───── DATASET ─────

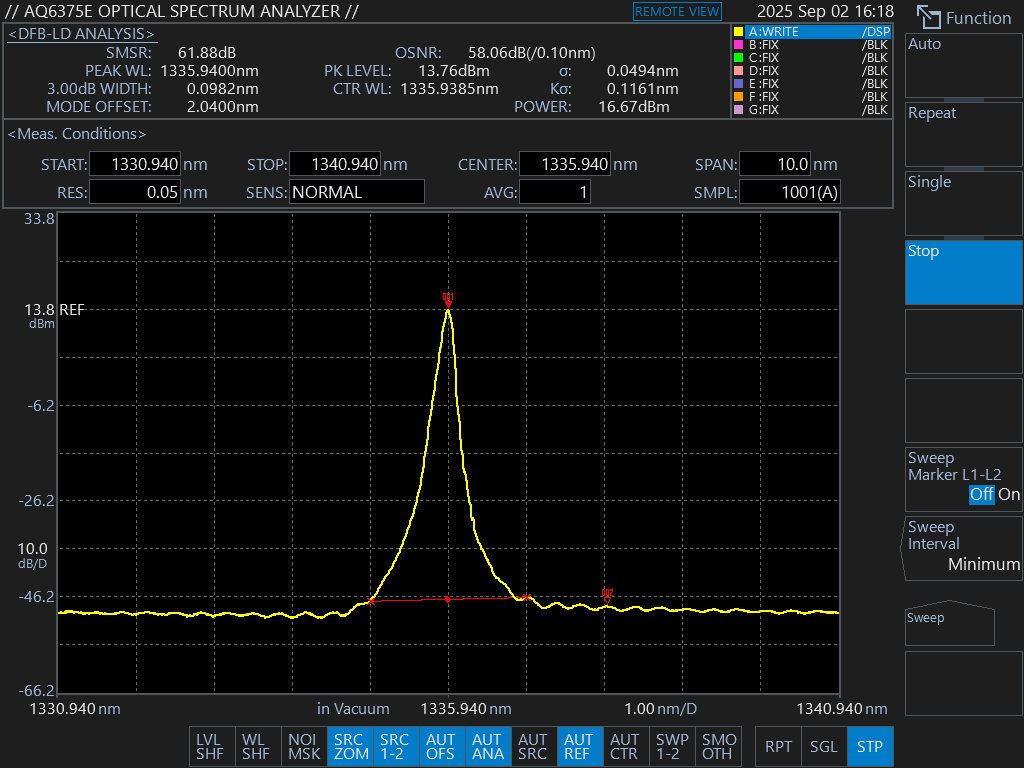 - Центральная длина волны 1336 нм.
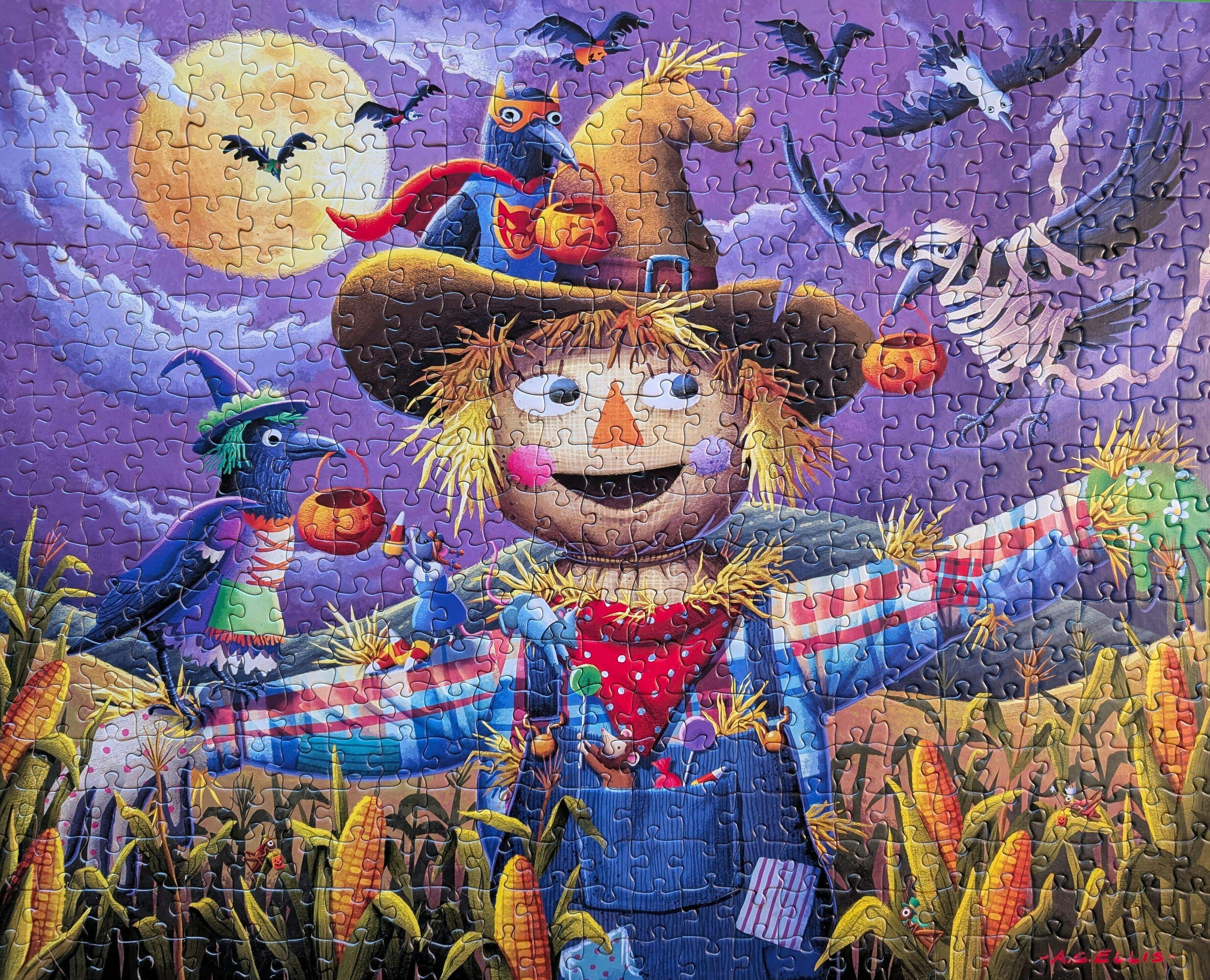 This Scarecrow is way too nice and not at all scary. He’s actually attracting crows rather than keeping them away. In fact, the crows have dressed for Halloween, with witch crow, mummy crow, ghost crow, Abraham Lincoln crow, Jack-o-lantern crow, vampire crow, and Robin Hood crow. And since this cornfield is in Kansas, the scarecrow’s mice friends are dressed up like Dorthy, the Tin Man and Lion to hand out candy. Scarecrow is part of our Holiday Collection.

─────
───── DATASET ─────

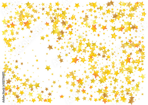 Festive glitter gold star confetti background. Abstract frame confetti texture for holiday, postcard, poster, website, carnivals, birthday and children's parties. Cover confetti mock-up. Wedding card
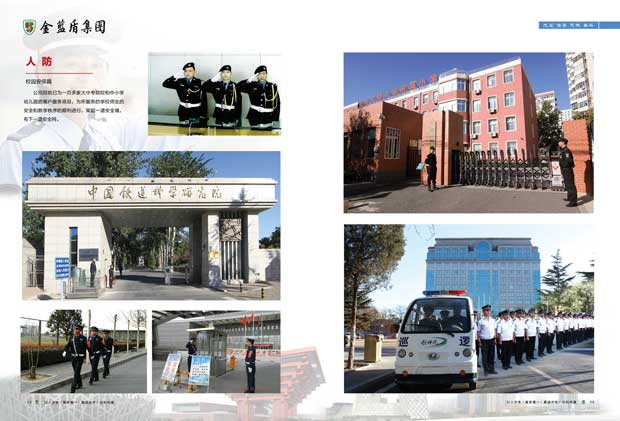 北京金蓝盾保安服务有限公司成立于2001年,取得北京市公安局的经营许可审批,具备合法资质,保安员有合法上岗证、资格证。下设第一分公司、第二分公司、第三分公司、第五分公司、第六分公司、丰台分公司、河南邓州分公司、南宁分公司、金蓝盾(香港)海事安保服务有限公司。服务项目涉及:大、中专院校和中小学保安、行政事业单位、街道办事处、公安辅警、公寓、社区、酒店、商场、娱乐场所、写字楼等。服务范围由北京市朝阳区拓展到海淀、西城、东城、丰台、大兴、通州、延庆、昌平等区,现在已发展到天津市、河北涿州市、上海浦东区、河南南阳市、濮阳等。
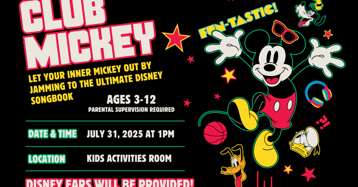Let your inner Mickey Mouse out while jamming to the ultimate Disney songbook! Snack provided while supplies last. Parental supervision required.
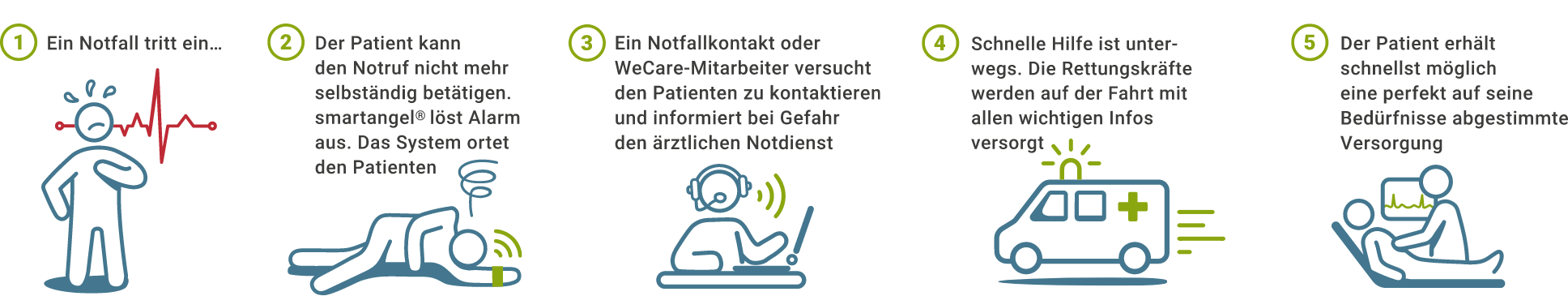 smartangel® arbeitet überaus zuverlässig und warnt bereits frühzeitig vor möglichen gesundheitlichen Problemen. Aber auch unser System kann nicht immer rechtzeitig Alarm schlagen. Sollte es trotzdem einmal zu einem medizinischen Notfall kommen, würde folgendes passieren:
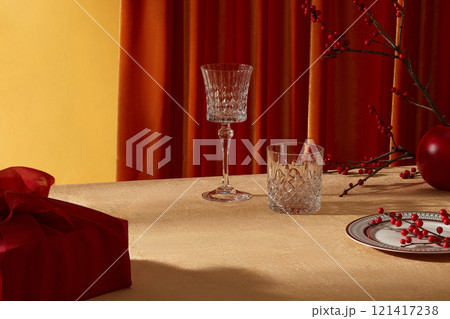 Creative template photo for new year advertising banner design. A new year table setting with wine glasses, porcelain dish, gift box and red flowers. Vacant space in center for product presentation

─────

**YOUR INSTRUCTIONS:** Pictures in the material above should be skipped; print exactly the lines from the one with "- Центральная длина волны 1336 нм." through the one with "This Scarecrow is".

**RESULT OF THE TASK:**
 - Центральная длина волны 1336 нм.
 This Scarecrow is way too nice and not at all scary. He’s actually attracting crows rather than keeping them away. In fact, the crows have dressed for Halloween, with witch crow, mummy crow, ghost crow, Abraham Lincoln crow, Jack-o-lantern crow, vampire crow, and Robin Hood crow. And since this cornfield is in Kansas, the scarecrow’s mice friends are dressed up like Dorthy, the Tin Man and Lion to hand out candy. Scarecrow is part of our Holiday Collection.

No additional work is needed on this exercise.